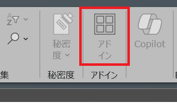 そのあとメニューバーから「ホーム」ー>「アドイン」を選択してください。
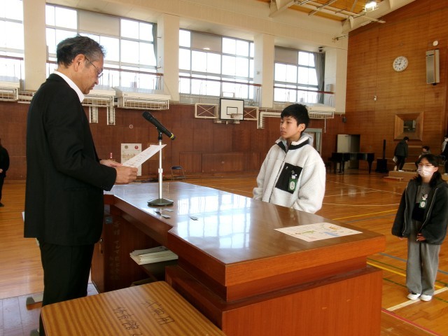 人権作品、なわとびチャレンジの表彰をしました。
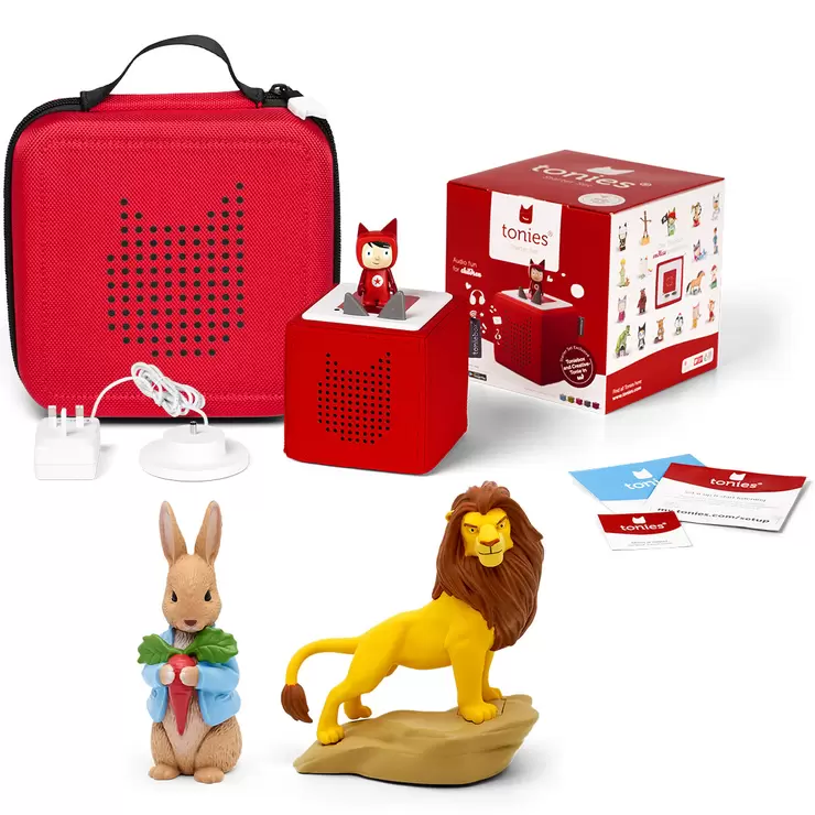 This bundle includes a Toniebox, a Creative-Tonie, a Tonie Carrier and two Tonies - The Lion King and The Peter Rabbit Collection. Your Creative-Tonie allows you to upload 90 minutes of songs, stories and more. To kick-start the adventure, their new friend comes pre-loaded with 1 hour of songs & stories. Get ready for lots of laughter, learning and fun. Toniebox and Tonies offer endless interactive listening and playing fun without bright screens, scratched CDs or complicated controls. Tonies allows children to ignite their imagination and immerse themselves in storytelling and audio adventures. Children simply place the Tonie on the Toniebox and the audio starts playing. There’s countless stories to be heard, songs to be sung and whole worlds to be explored. This Tonies bundle includes a Toniebox Starter Kit, Tonie Carrier and The Lion King and Peter Rabbit Tonies.

## About this task
Please copy, exactly and only, the lines of the listing that run from the one holding "人権作品、なわとびチャレンジの表彰をしました。" through its last line, and exclude pictures.

## Final answer
 人権作品、なわとびチャレンジの表彰をしました。
 This bundle includes a Toniebox, a Creative-Tonie, a Tonie Carrier and two Tonies - The Lion King and The Peter Rabbit Collection. Your Creative-Tonie allows you to upload 90 minutes of songs, stories and more. To kick-start the adventure, their new friend comes pre-loaded with 1 hour of songs & stories. Get ready for lots of laughter, learning and fun. Toniebox and Tonies offer endless interactive listening and playing fun without bright screens, scratched CDs or complicated controls. Tonies allows children to ignite their imagination and immerse themselves in storytelling and audio adventures. Children simply place the Tonie on the Toniebox and the audio starts playing. There’s countless stories to be heard, songs to be sung and whole worlds to be explored. This Tonies bundle includes a Toniebox Starter Kit, Tonie Carrier and The Lion King and Peter Rabbit Tonies.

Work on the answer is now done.